O sorriso de Maria Tereza
Por Francisco Frassales Cartaxo
Já estava tudo pronto quando chegamos ao Instituto Nina Rodrigues. Maria Tereza vestia jaleco branco, luvas e acessórios para realizar perícia sexológica forense. Deitada em rústica maca uma adolescente da periferia de Salvador aguardava. Naquele estranho cenário tivemos a primeira aula prática de Medicina Legal, disciplina do final do curso de direito. A linda Maria Tereza era assistente do catedrático Estácio de Lima, célebre professor que ministrava aulas teóricas, com sua larga experiência de bacharel em Direito, formado no Recife, e doutor em Medicina pela Faculdade da Bahia, a mais antiga do Brasil. Autor do livro O mundo estranho dos cangaceiros: ensaio biossociológico era famoso, também, por se envolver em polêmicas relacionadas com imagens e estudos sobre o cangaço.
Maria Tereza, jovem médica legista, nos recebeu na apertada sala, cada um a querer se aproximar daquela menina-moça submetida ao vexame de se ver cercada de rapazes e moças. Magrinho, pude me infiltrar melhor e sentir de perto seu enorme constrangimento. Por quê? Ora, a aula era sobre a materialidade do crime de sedução, tipificado no Código Penal de 1940, cuja definição representava enorme avanço, comparado com a legislação penal do começo da República, a partir deste esquisito nome: defloramento. Como? Isso mesmo. Tirar a flor. Ato de desvirginar menor de idade usando sedução, engano ou fraude. Ao contrário do estupro, portanto, pressupunha o consentimento da vítima.
Pois bem, estava frente a nossos olhos um caso real de sedução, Maria Tereza a iluminar com pequena lanterna as partes pudendas da jovem negra, e mostrar as características da consumação ou não do crime, enquanto apontava os detalhes físicos, para enfim concluir com sua voz encantadora:
– Vejam, inexiste a materialidade do crime de sedução, ela continua virgem… isto constará do laudo pericial a ser anexado ao processo, aberto pela suspeita da mãe queixosa.
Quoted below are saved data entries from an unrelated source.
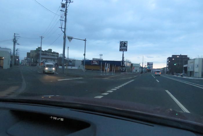 南岸通り、野付牛自動車学校前、前方はとん田通りの交差点
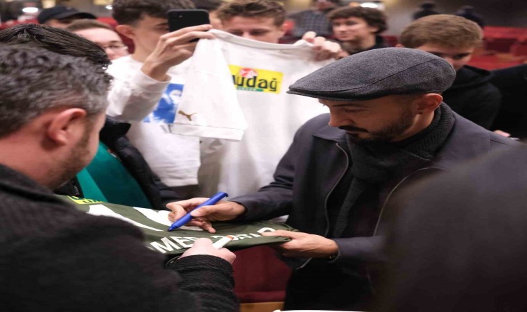 Bursaspor Başkanı Enes Çelik, futbolcular Ahmet İlhan Özek ve Muhammet Demir ile birlikte Mudanya Üniversitesine konuk olarak öğrencilerle keyifli bir söyleşi gerçekleştirdi.
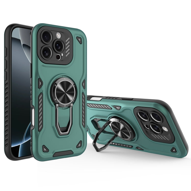 Funda para iPhone 16 Pro con Soporte Giratorio de Metal y Carcasa Magnética de TPU y PC (Verde)
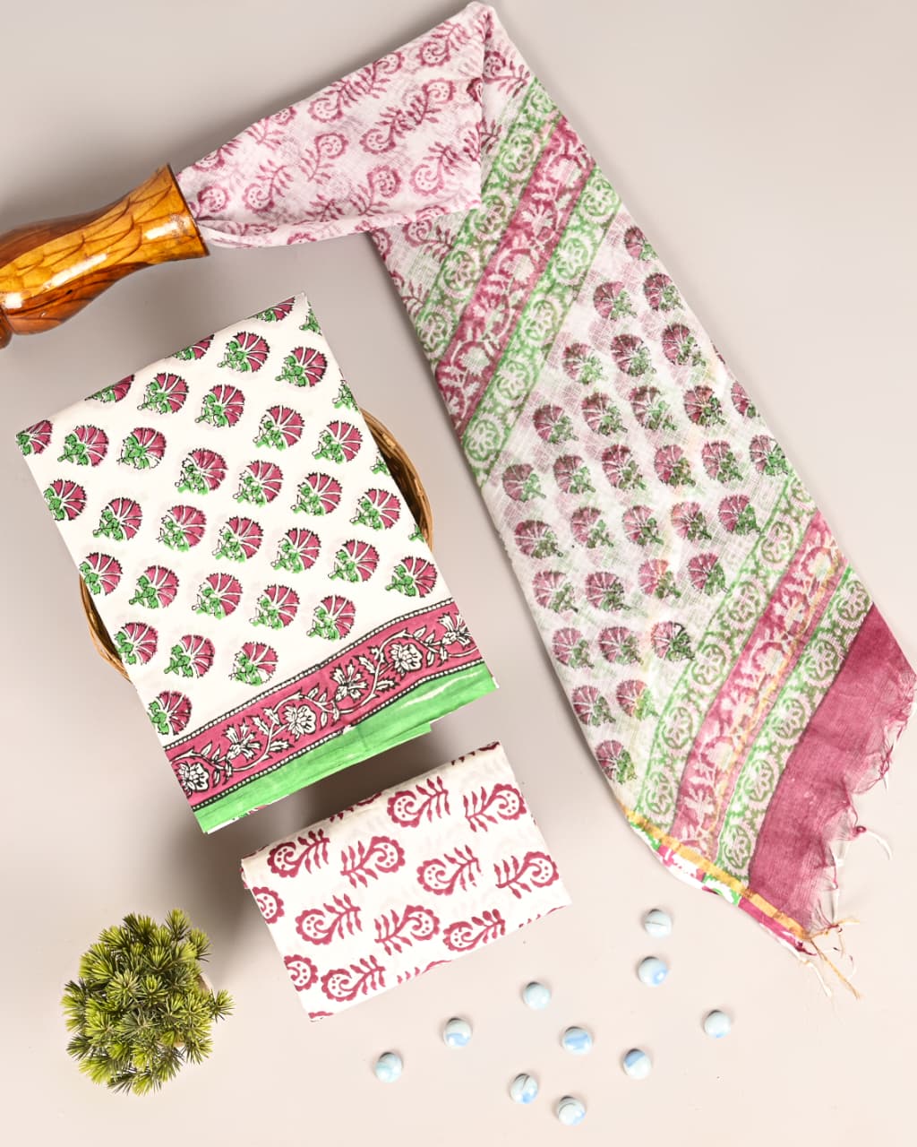 Hand Block Printed Cotton Suit Set with Kota Doria Dupatta
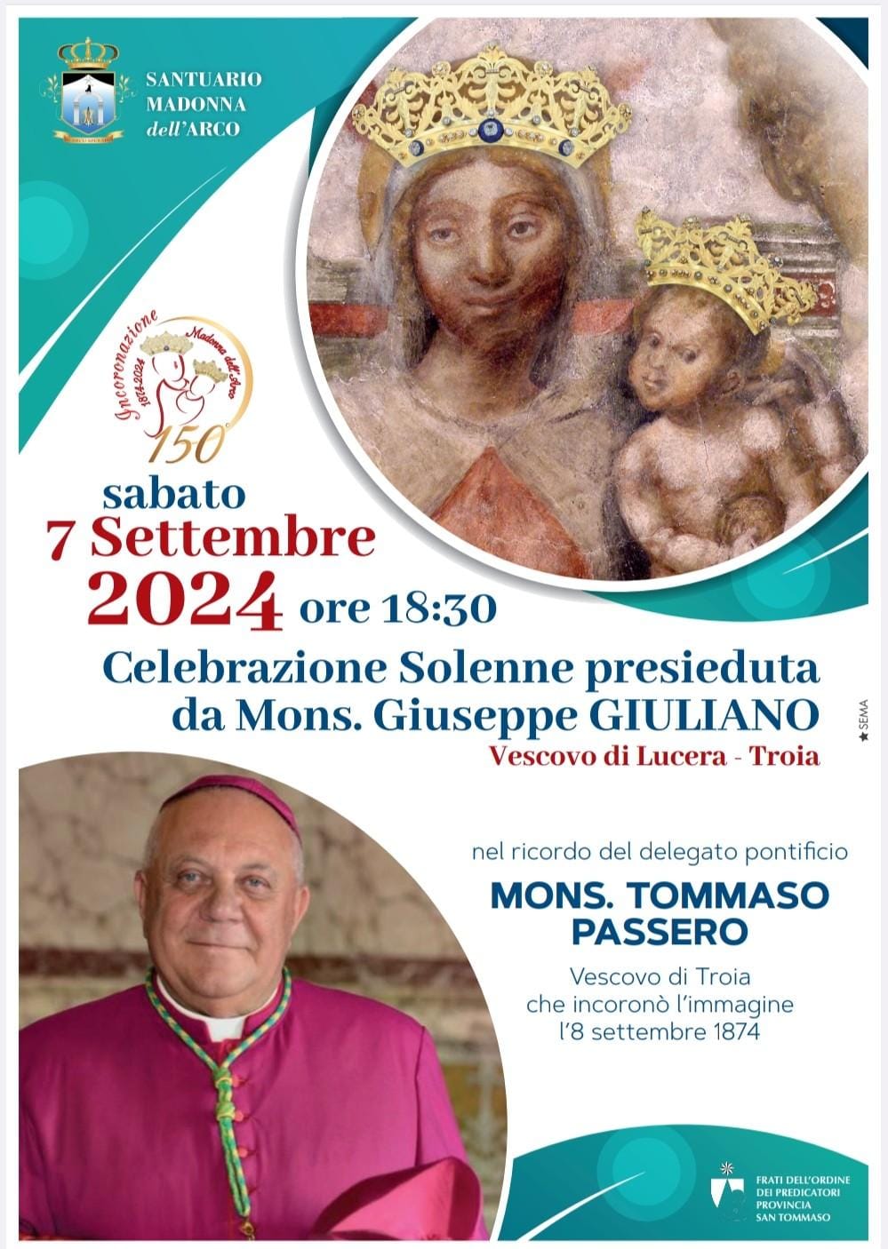In occasione del 150° anniversario dell’Incoronazione della Madonna dell’Arco (8 settembre 1874-2024), il 7 settembre 2024, S.E.R. Mons. Giuseppe Giuliano, vescovo di Lucera-Troia, presiederà la solenne Concelebrazione Eucaristica delle ore 18.30 presso il Santuario della Madonna dell’Arco in Sant’Anastasia (Na). La celebrazione avverrà nel ricordo dell’allora Vescovo di Troia, S.E.R. Mons. Tommaso Passero, dell’ordine dei Predicatori, che, in qualità di delegato pontificio, l’8 settembre 1874, incoronò la sacra immagine.

Mero figurante, eu conservo na memória a cena, que sempre aflora junto com outra, ocorrida pouco tempo depois no consultório particular de Maria Tereza. Desta vez me marcou a alegria pós-exame. Sozinho na sala de espera, primeiro, veio o sorriso largo e, depois, com a mão no ombro da jovem de 15 anos, a frase tranquilizadora:
– No máximo houve cópula pré-vestibular, sem penetração.
O sorriso lindo de Maria Tereza está gravado até hoje, mais aceso do que o fim da angustiante dúvida da amiguinha.